Thursday, March 06, 2008

They Do Need Those Stinkin' Badges

One of the oldest clichés in journalism is interviewing a taxi driver to find out what the man on the street thinks. The radio show Marketplace Morning Report has been running stories from Egypt all week. Here is one in which the reporter interviews Khaled Al Khamissi, who has a forthcoming book about what you can learn about life in Cairo from its taxi drivers. This excerpt struck me as particularly telling about the costs of big, intrusive government:

Khaled Al Khamissi: Many people speak about oppression in terms of political oppression. But what we suffer here in Egypt, it is the economical oppression. Egypt has a potential, and this potential is gone 100 percent.
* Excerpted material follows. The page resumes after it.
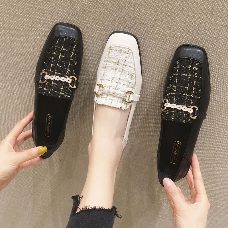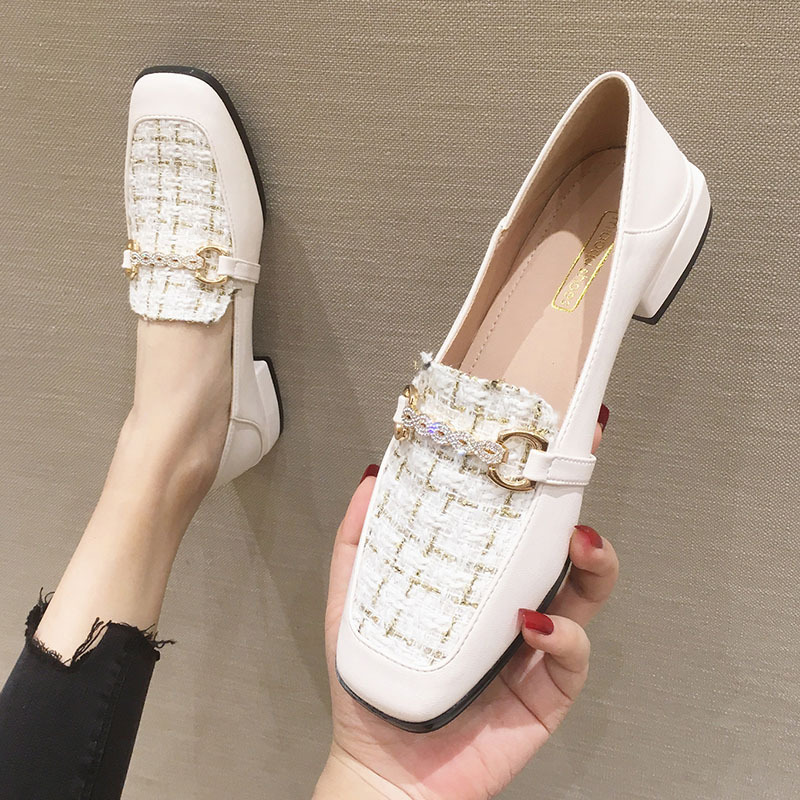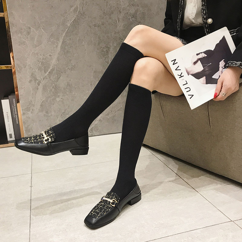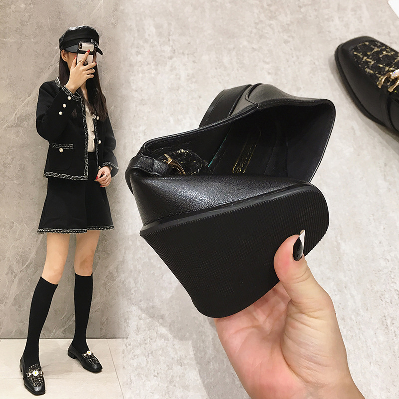 英倫風粗跟秋季新款中跟樂福鞋懶人鞋百搭軟皮女鞋小跟鞋樂福鞋

Jagow: One hundred percent. That sounds pretty hopeless.

Al Khamissi: Yes. I think we are in a hopeless situation, and the people has to work 20 hours a day to survive.

Jagow: Khaled, can you give me a story, one that stands out to you, that might represent the book?

Al Khamissi: I can tell you one story. It's about a taxi driver. He told me that a police officer, after one hour in the taxi, he ask him, "Give me your ID." And he knew that he wants money. And then he gave him 5 pounds. And the officer told him, "This is not enough." He gave him 10 pounds. And these 10 pounds are the only this taxi driver has in five or six hours' work.

If the officer had stuck his gun in the driver’s face and demanded 10 pounds straight up, we would call it armed robbery. I am hard-pressed to see the difference.